2.6 Problems of Honesty and Good Judgment

Figure 2.26 shows two ways of redrawing our Life Expectancy figure. Each of these plots is far less noisy than the junk-filled monstrosity we began with. But they also have design features that could be argued over, and might even matter substantively depending on the circumstances. For example, consider the scales on the x-axis in each case. The left-hand panel in Figure 2.26 is a bar chart, and the length of the bar represents the value of the variable “average life expectancy in 2007” for each continent. The scale starts at zero and extends to just beyond the level of the largest value. Meanwhile the right-hand panel is a Cleveland dot plot. Each observation is represented by a point, and the scale is restricted to the range of the data as shown.

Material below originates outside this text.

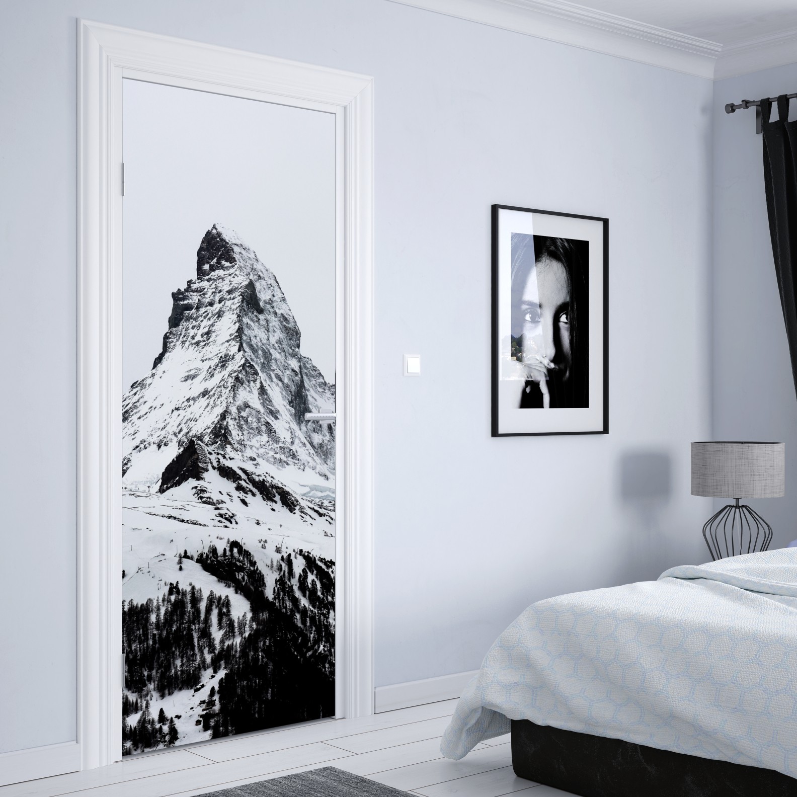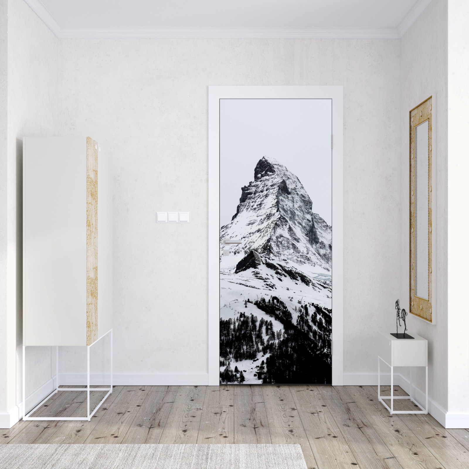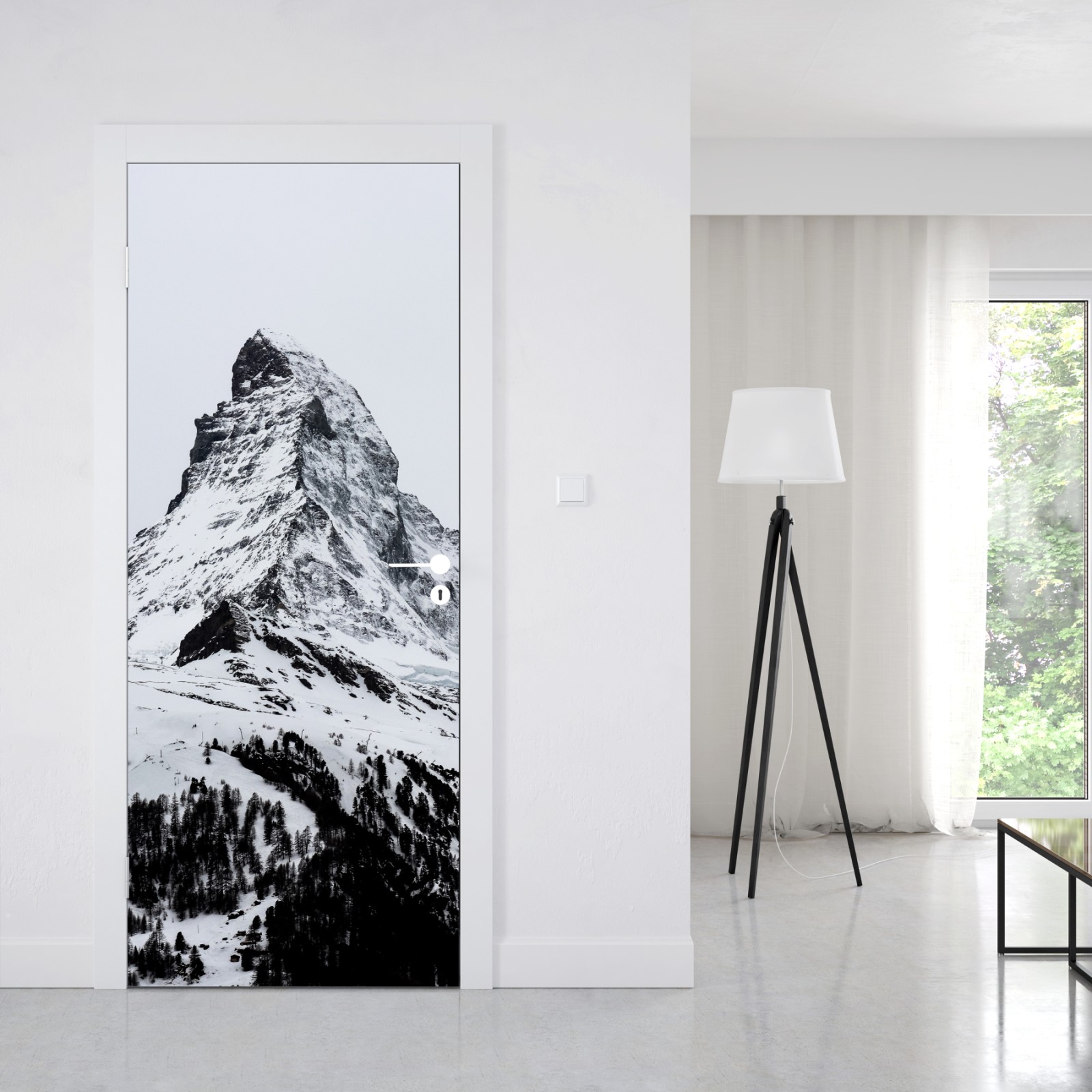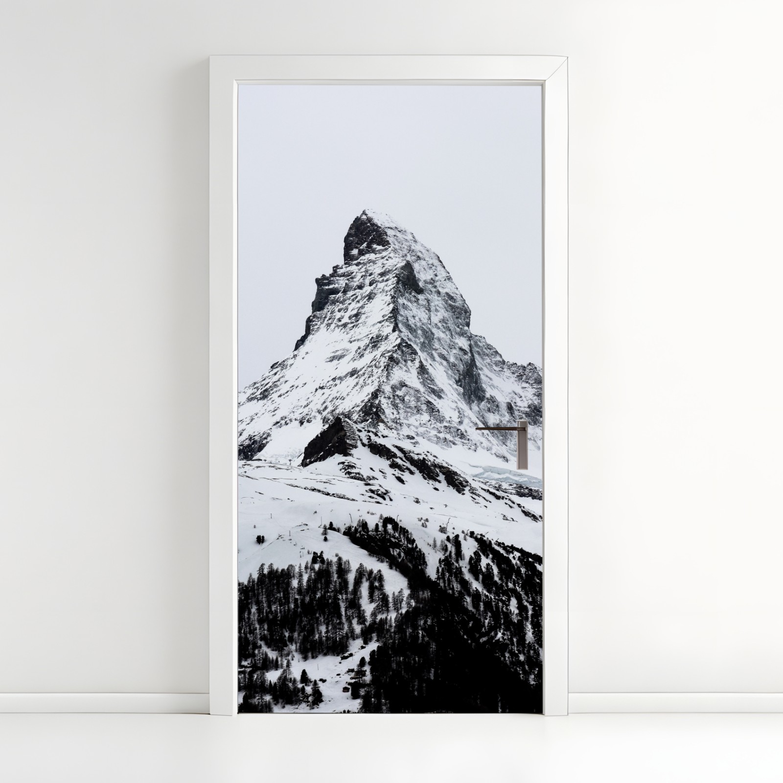 Türaufkleber einsamer schneebedeckter berggipfel
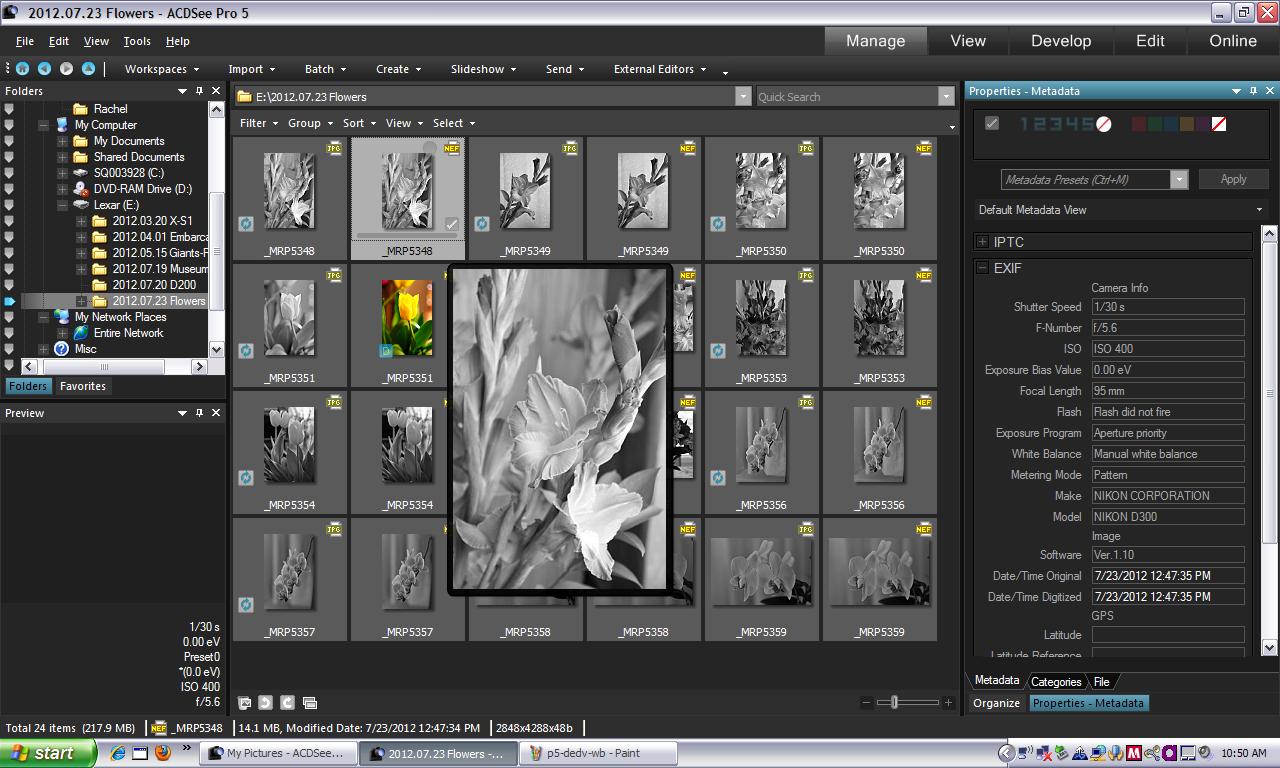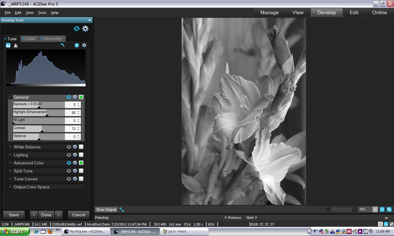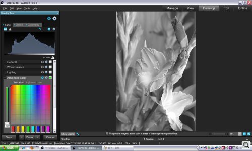 Because ACDSee Pro displays the Raw thumbnail, our View mode examination of the image was of the black and white image. So we evaluated focus and decided we could work with the image.

Figure 2.26: Two simpler versions of our junk chart. Note that the scale on the bar chart version goes to zero, while the scale on the dot plot version is confined to the range of values taken by the observations.

Two simpler versions of our junk chart. Note that the scale on the bar chart version goes to zero, while the scale on the dot plot version is confined to the range of values taken by the observations.Two simpler versions of our junk chart. Note that the scale on the bar chart version goes to zero, while the scale on the dot plot version is confined to the range of values taken by the observations.

It is tempting to lay down inflexible rules about what to do in terms of producing your graphs, and to dismiss people who don’t follow them as producing junk charts or lying with statistics. But being honest with your data is a bigger problem than can be solved by rules of thumb about making graphs. In this case there is a moderate level of agreement that bar charts should generally include a zero baseline (or equivalent) given that bars encode their variables as lengths. But it would be a mistake to think that a dot plot was by the same token deliberately misleading, just because it kept itself to the range of the data instead.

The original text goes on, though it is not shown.